_What to produce_:
Exact repetition of a range: find the line containing "Keep your wardrobe" and the line containing "Nam – Hàn Quốc |" in the material below, then repeat both and all lines between them, leaving pictures out.

_Listed entries_:
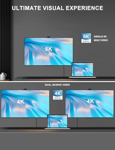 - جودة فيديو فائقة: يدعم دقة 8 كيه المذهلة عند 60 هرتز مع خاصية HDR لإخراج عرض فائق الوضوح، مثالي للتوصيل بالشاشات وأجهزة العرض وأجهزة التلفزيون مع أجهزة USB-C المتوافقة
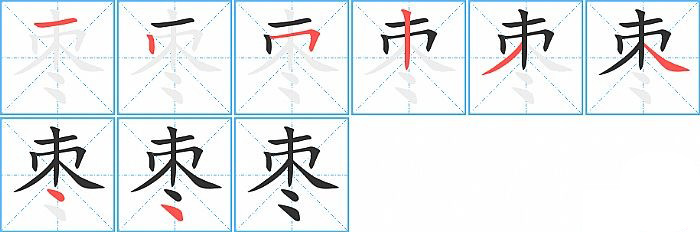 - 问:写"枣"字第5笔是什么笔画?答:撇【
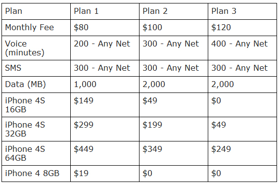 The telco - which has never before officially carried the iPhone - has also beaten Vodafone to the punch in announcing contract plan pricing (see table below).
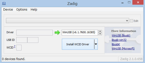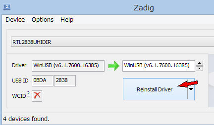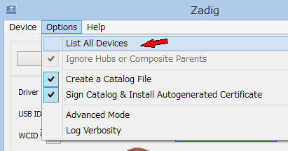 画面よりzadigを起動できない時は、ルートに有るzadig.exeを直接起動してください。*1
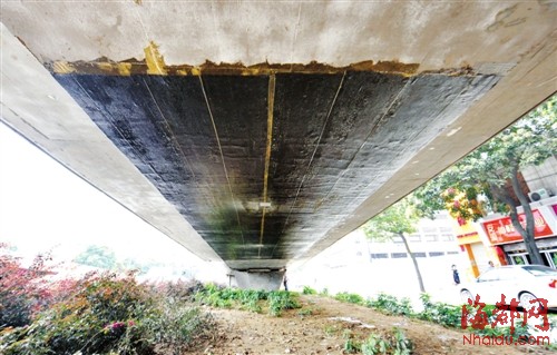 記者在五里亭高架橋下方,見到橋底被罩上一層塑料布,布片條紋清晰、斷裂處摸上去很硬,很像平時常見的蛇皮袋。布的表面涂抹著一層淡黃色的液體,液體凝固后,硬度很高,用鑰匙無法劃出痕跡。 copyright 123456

...

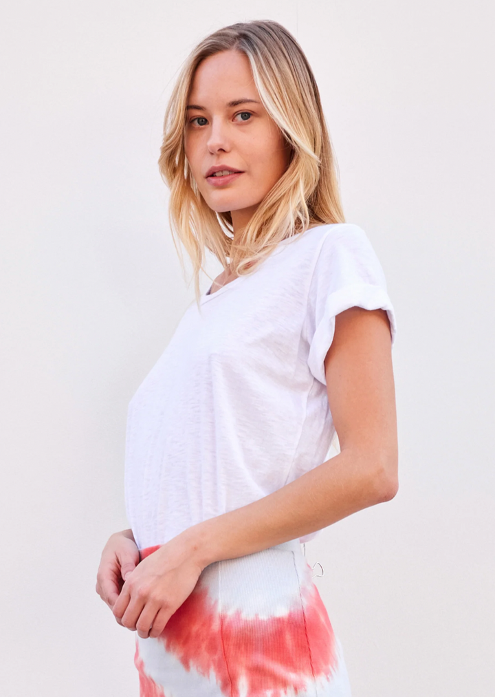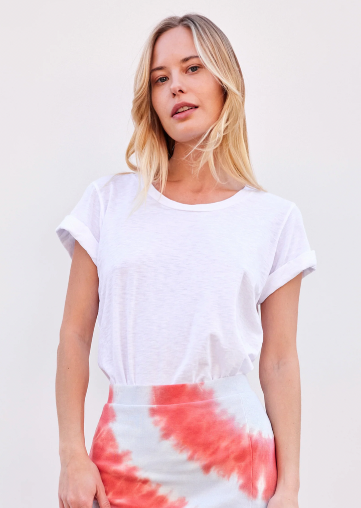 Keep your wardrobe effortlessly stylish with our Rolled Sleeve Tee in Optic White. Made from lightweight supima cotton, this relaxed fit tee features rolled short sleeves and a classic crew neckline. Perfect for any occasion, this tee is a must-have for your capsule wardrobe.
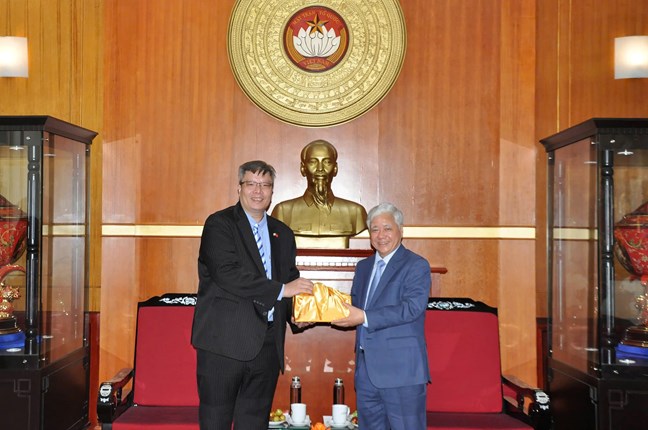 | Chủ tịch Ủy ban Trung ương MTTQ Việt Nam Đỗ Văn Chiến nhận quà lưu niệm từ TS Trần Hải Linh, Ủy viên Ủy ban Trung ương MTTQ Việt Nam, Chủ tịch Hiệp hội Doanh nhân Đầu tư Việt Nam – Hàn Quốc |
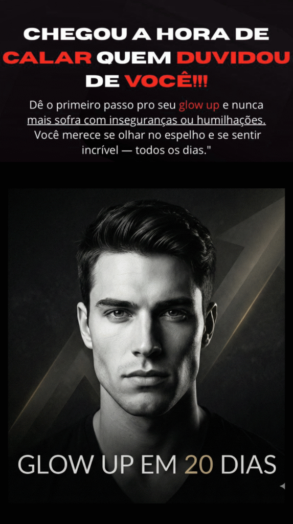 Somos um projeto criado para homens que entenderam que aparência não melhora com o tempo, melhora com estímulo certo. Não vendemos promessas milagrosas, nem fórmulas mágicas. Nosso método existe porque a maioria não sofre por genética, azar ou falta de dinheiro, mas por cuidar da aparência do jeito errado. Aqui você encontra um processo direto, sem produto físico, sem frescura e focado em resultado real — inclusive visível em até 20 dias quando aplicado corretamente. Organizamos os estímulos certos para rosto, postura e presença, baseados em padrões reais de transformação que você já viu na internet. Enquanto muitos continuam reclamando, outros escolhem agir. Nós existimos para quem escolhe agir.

_Expected output_:
 Keep your wardrobe effortlessly stylish with our Rolled Sleeve Tee in Optic White. Made from lightweight supima cotton, this relaxed fit tee features rolled short sleeves and a classic crew neckline. Perfect for any occasion, this tee is a must-have for your capsule wardrobe.
 | Chủ tịch Ủy ban Trung ương MTTQ Việt Nam Đỗ Văn Chiến nhận quà lưu niệm từ TS Trần Hải Linh, Ủy viên Ủy ban Trung ương MTTQ Việt Nam, Chủ tịch Hiệp hội Doanh nhân Đầu tư Việt Nam – Hàn Quốc |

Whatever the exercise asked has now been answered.